Сказанного раз и навсегда достаточно о происхождении "святого Бога". Что концепция богов сама по себе не обязательно должна вести к порче фантазии, которую мы вынуждены были на миг представить себе, — что существуют более благородные повадки обращения с вымыслом богов, нежели самораспинание и самоосквернение человека, по части коих последние тысячелетия Европы добились своего мастерства, — в этом, к счастью, можно еще убедиться с каждого взгляда, брошенного на греческих богов, эти отображения благородных и суверенных людей, в которых животное, таящееся в человеке, чувствовало себя обожествленным и не терзало самого себя, не свирепствовало против самого себя! Эти греки длительное время пользовались своими богами как раз для того, чтобы не подпускать к себе близко "нечистую совесть", чтобы наслаждаться свободой своей души: стало быть, в смысле, обратном тому, во что употребило своего Бога христианство.

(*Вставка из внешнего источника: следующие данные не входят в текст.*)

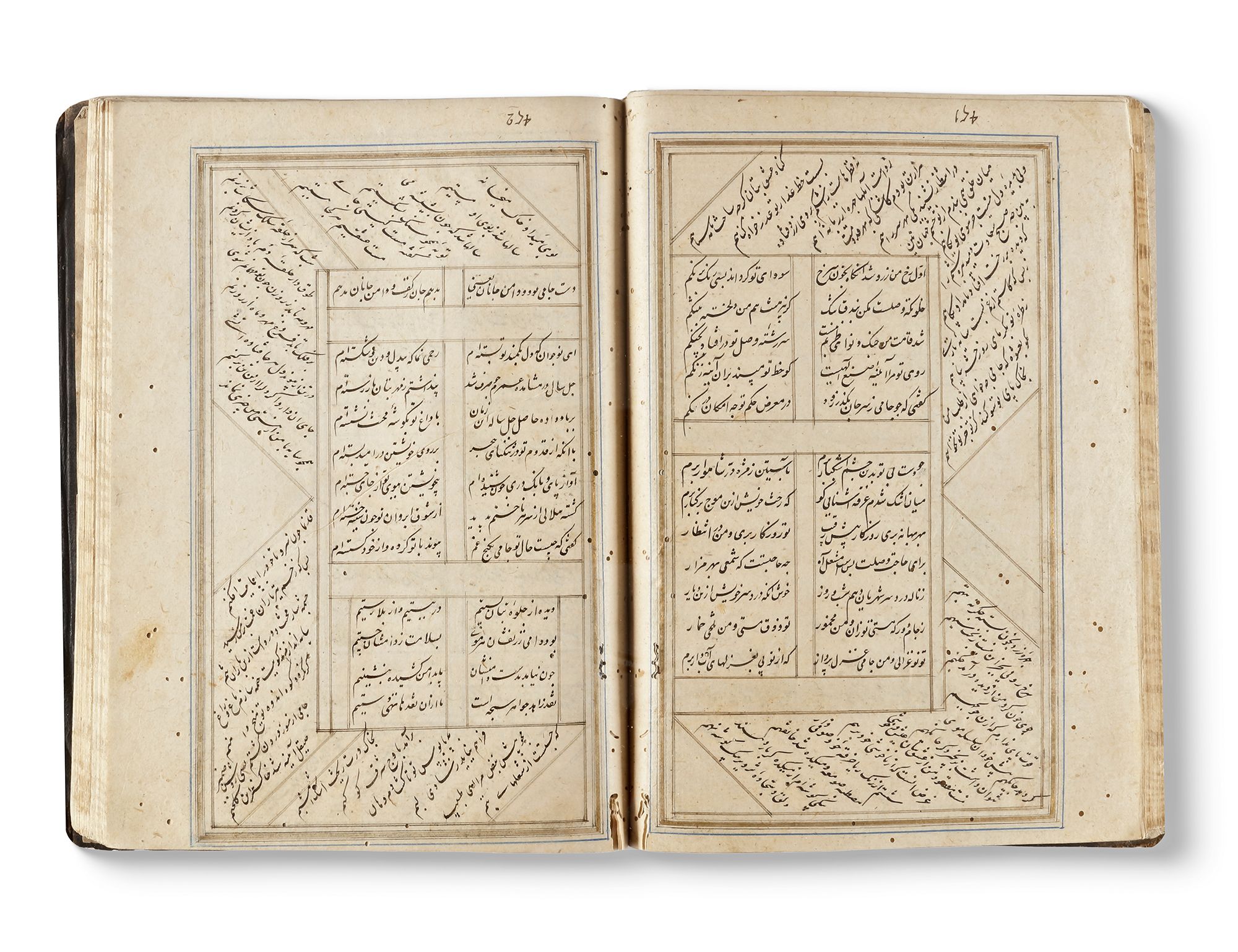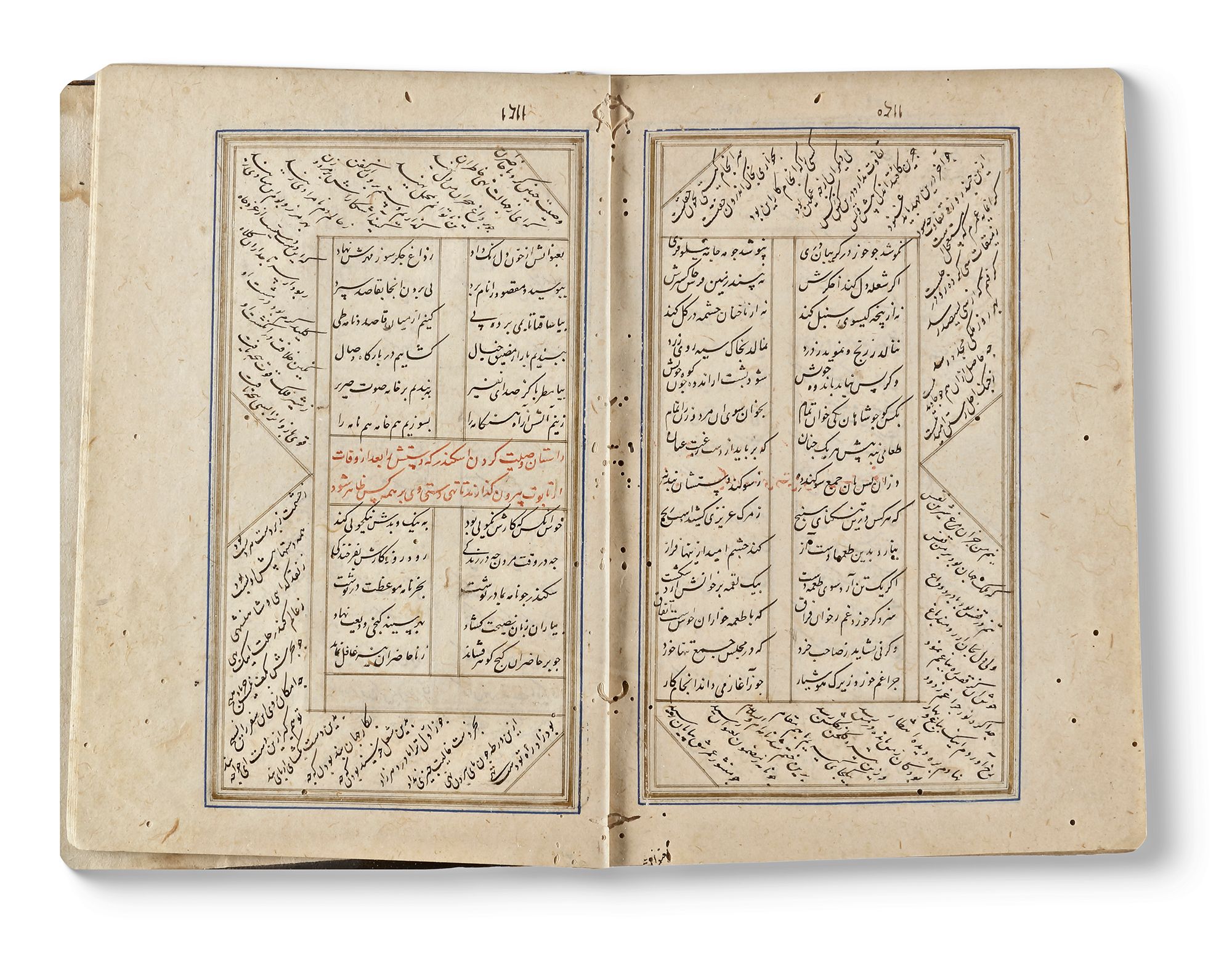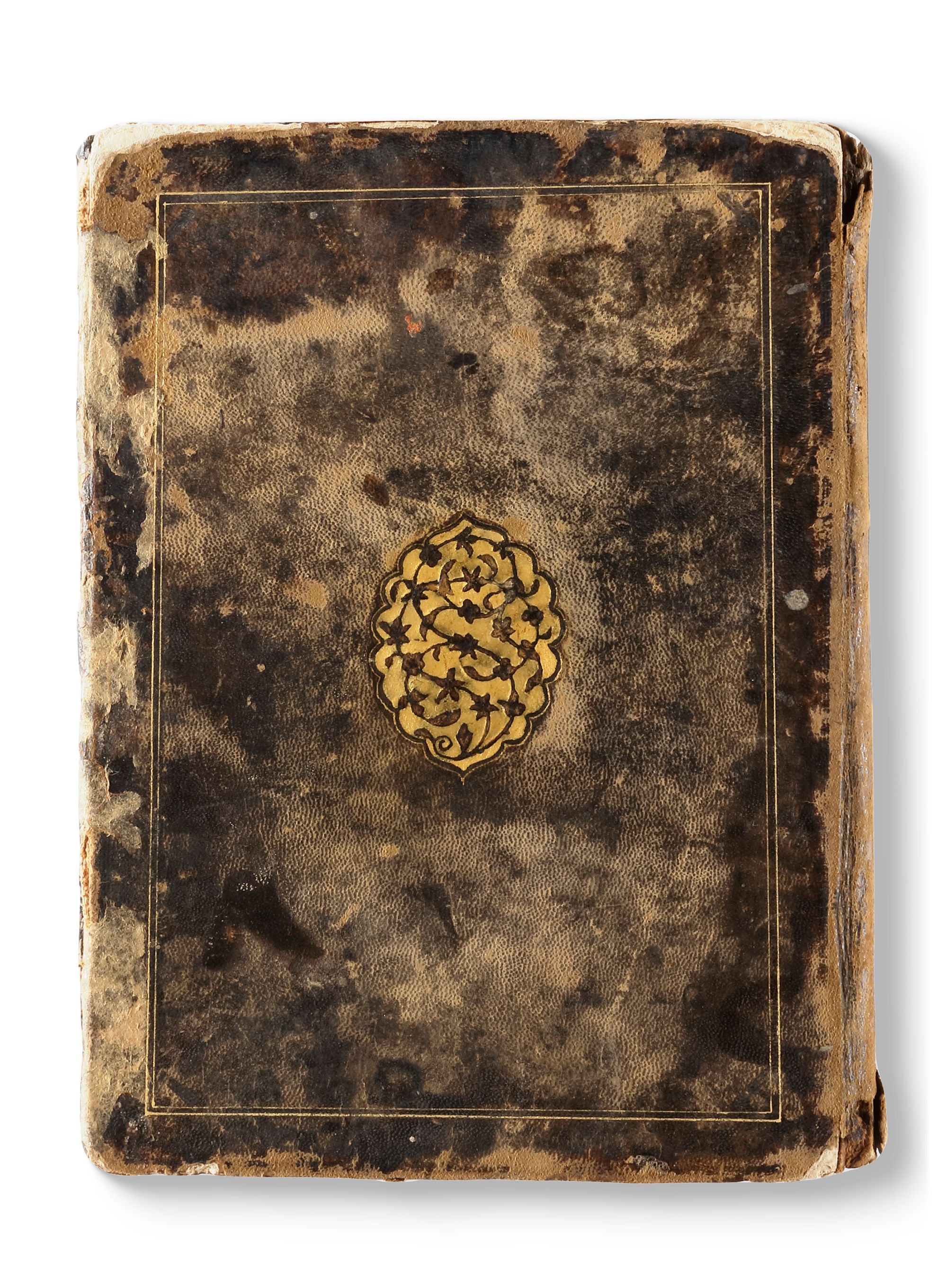 Persian manuscript on paper, 112 leaves, approximately 12 lines to the page written in elegant nasta'liq script in black ink, text written horizontally in two columns and approximately 26 lines written diagonally in the outer borders of each page, double intercolumnar and interlinear rules in gold, inner margins ruled in blue and gold, one fine illuminated headpiece in colours and gold, worming throughout the manuscript, later dark brown morocco with stamped central medallions, with flap, worn, spine damaged and crudely repaired.

Они заходили в этом весьма далеко, эти роскошные и исполненные львиной храбрости сорванцы; и не какой-нибудь авторитет, а сам гомеровский Зевс дает им там и сям понять, что они слишком легкомысленно относятся к делу. "Странно!" — говорит он однажды — речь идет о случае Эгиста, весьма скверном случае

Странно, как смертные люди за все нас, богов, обвиняют! Зло от нас, утверждают они; но не сами ли часто Гибель, судьбе вопреки, на себя навлекают безумством? Гомер, "Одиссея"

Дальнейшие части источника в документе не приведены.